#### Provided material

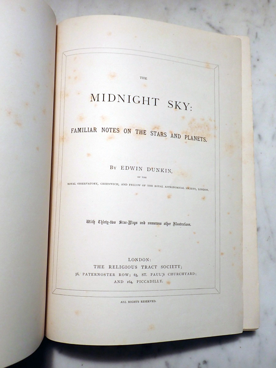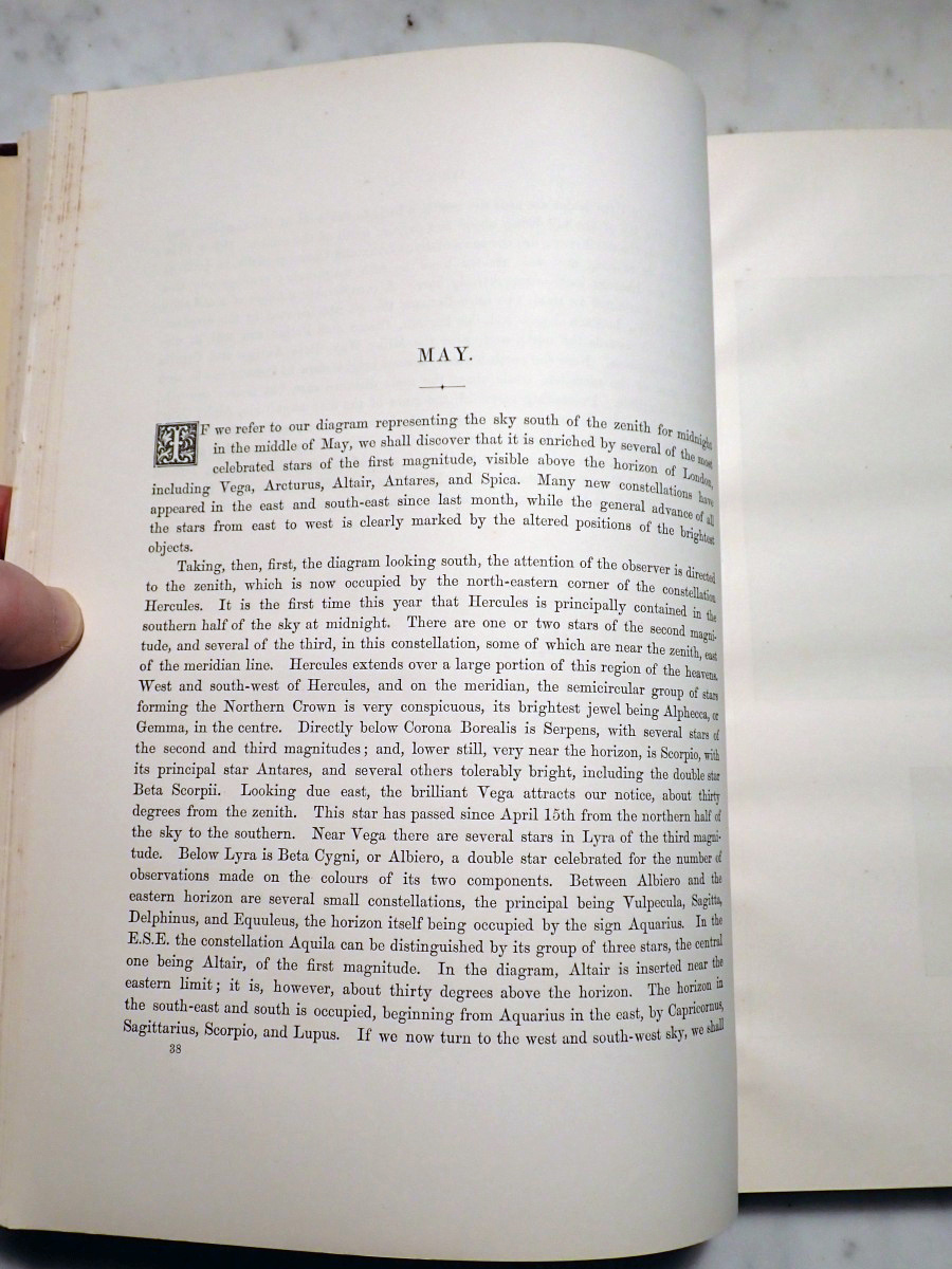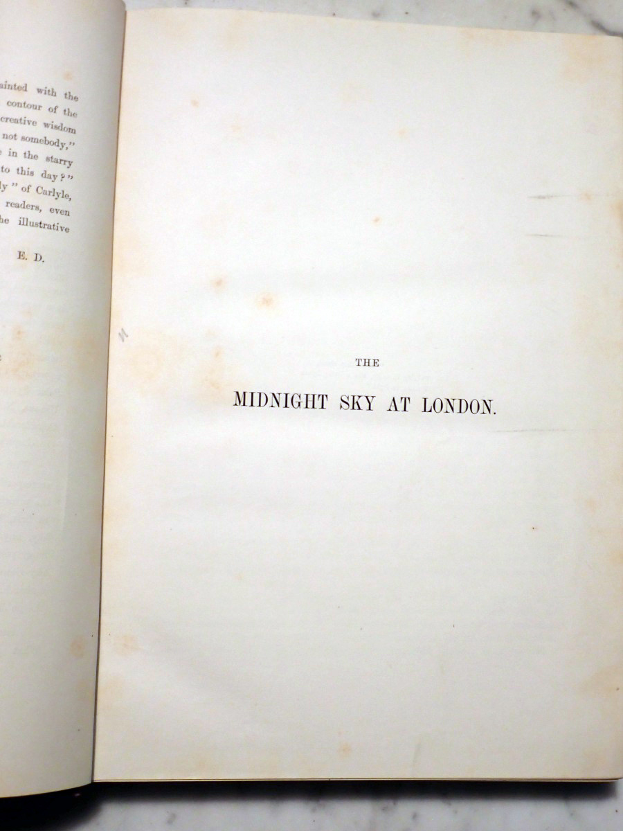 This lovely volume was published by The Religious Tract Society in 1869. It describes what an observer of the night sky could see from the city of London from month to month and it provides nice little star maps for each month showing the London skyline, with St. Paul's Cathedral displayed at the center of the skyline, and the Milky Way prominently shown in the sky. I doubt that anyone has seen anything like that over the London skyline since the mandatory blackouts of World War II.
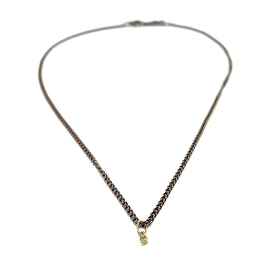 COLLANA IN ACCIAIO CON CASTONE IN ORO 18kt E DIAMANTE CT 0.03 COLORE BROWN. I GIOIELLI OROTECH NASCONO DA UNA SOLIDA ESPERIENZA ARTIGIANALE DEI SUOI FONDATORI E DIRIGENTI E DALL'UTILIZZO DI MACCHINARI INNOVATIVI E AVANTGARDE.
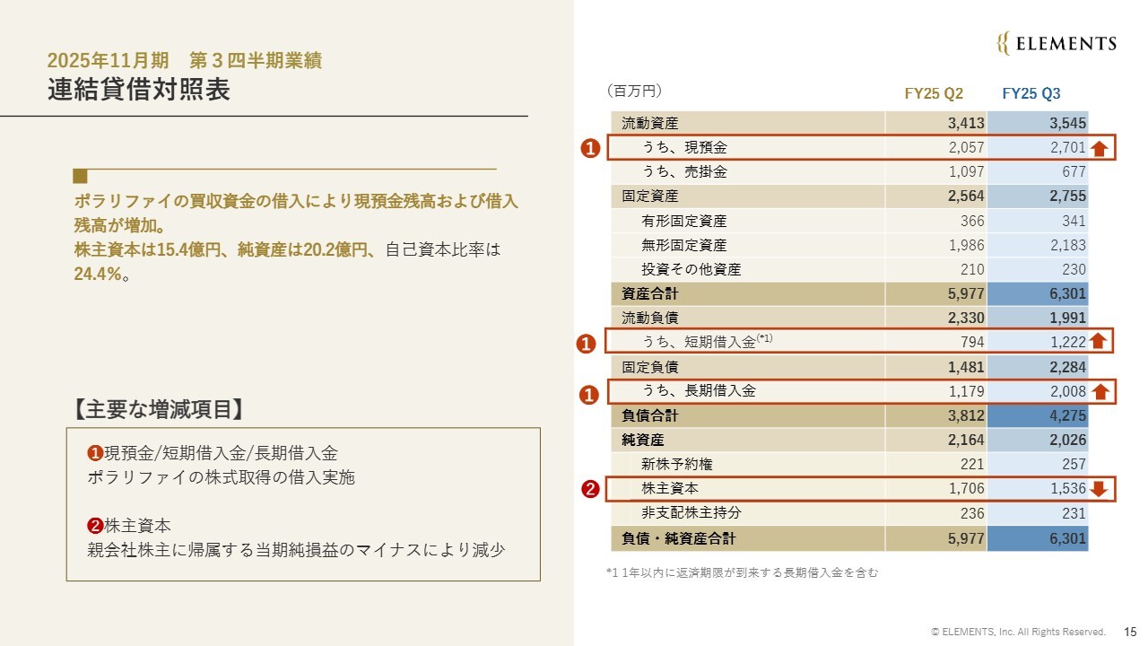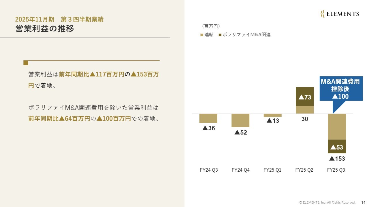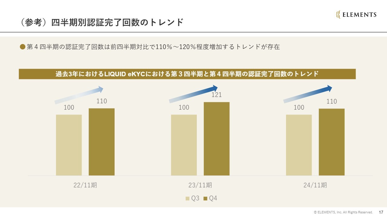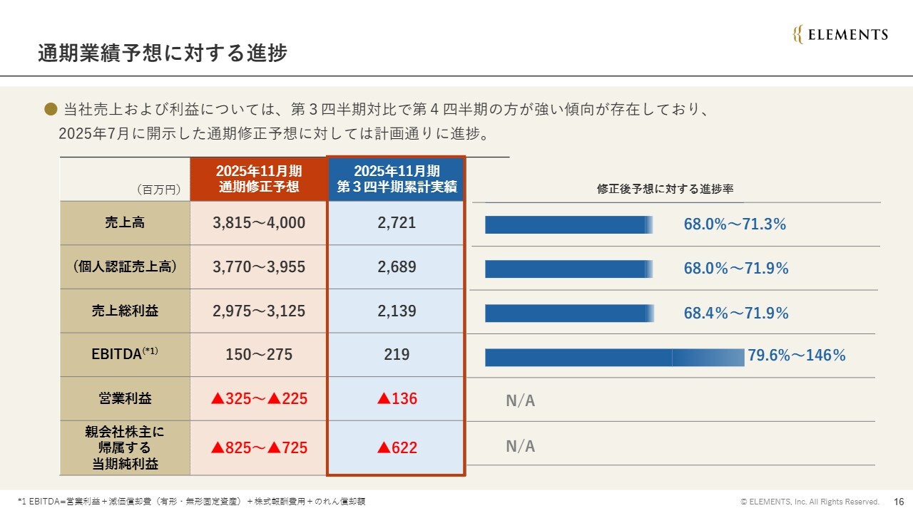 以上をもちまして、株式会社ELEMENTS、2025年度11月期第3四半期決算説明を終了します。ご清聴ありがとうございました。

########

What you should do:
Starting at the line that contains "COLLANA IN ACCIAIO" and ending with the last line of the data, transcribe every line exactly; skip the pictures.

Exercise result:
 COLLANA IN ACCIAIO CON CASTONE IN ORO 18kt E DIAMANTE CT 0.03 COLORE BROWN. I GIOIELLI OROTECH NASCONO DA UNA SOLIDA ESPERIENZA ARTIGIANALE DEI SUOI FONDATORI E DIRIGENTI E DALL'UTILIZZO DI MACCHINARI INNOVATIVI E AVANTGARDE.
 以上をもちまして、株式会社ELEMENTS、2025年度11月期第3四半期決算説明を終了します。ご清聴ありがとうございました。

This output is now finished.